* **MATERIAL PROVIDED**:
-=-=-

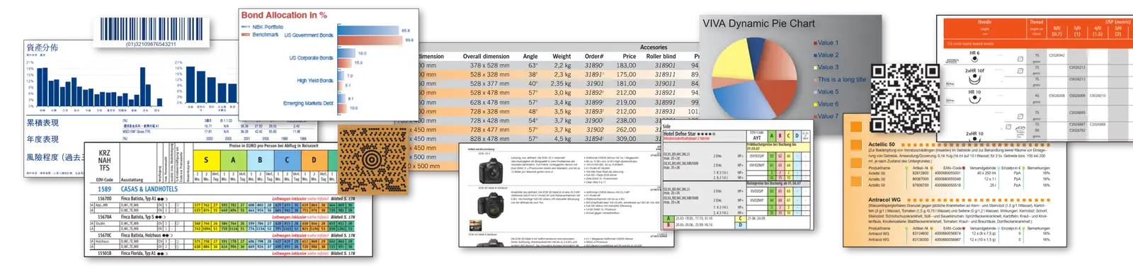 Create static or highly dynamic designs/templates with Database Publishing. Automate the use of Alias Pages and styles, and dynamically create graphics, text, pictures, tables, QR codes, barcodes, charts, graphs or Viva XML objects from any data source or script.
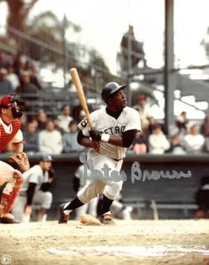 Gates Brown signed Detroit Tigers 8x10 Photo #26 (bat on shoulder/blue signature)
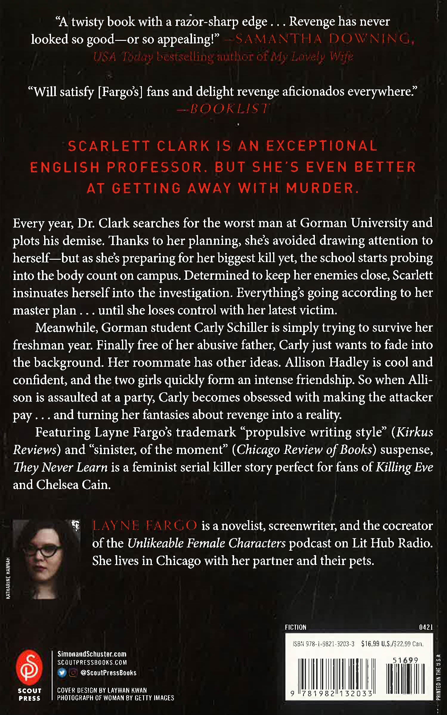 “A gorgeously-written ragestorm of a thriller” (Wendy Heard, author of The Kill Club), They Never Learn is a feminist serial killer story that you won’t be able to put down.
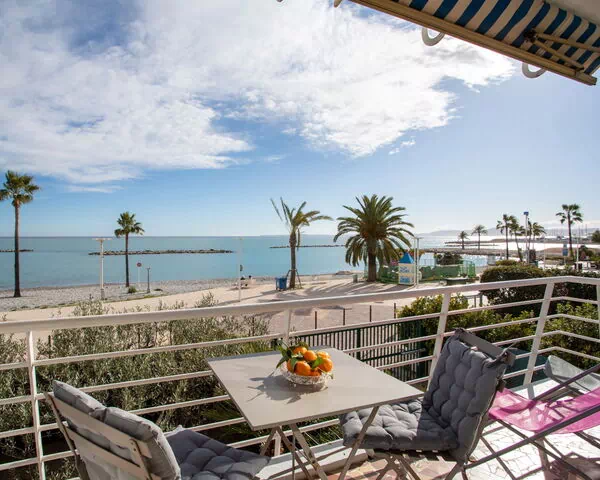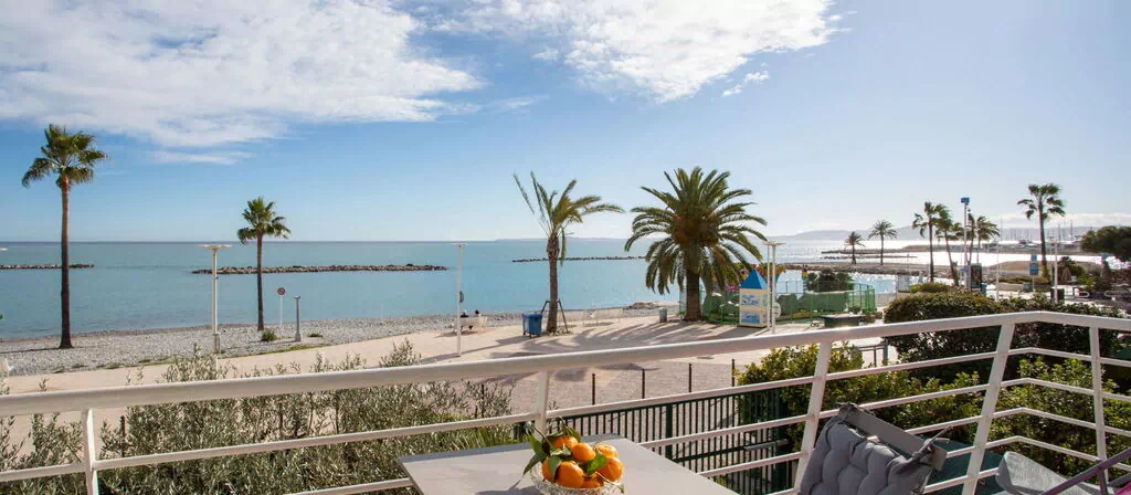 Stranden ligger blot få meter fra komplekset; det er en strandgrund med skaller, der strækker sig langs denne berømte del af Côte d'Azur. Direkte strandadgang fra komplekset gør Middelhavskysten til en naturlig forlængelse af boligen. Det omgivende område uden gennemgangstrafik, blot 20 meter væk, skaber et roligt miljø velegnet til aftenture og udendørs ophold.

-=-=-

Would you mind transcribing the material exactly, without the pictures?

* **RESULT OF THE EXERCISE**:
 Create static or highly dynamic designs/templates with Database Publishing. Automate the use of Alias Pages and styles, and dynamically create graphics, text, pictures, tables, QR codes, barcodes, charts, graphs or Viva XML objects from any data source or script.
 Gates Brown signed Detroit Tigers 8x10 Photo #26 (bat on shoulder/blue signature)
 “A gorgeously-written ragestorm of a thriller” (Wendy Heard, author of The Kill Club), They Never Learn is a feminist serial killer story that you won’t be able to put down.
 Stranden ligger blot få meter fra komplekset; det er en strandgrund med skaller, der strækker sig langs denne berømte del af Côte d'Azur. Direkte strandadgang fra komplekset gør Middelhavskysten til en naturlig forlængelse af boligen. Det omgivende område uden gennemgangstrafik, blot 20 meter væk, skaber et roligt miljø velegnet til aftenture og udendørs ophold.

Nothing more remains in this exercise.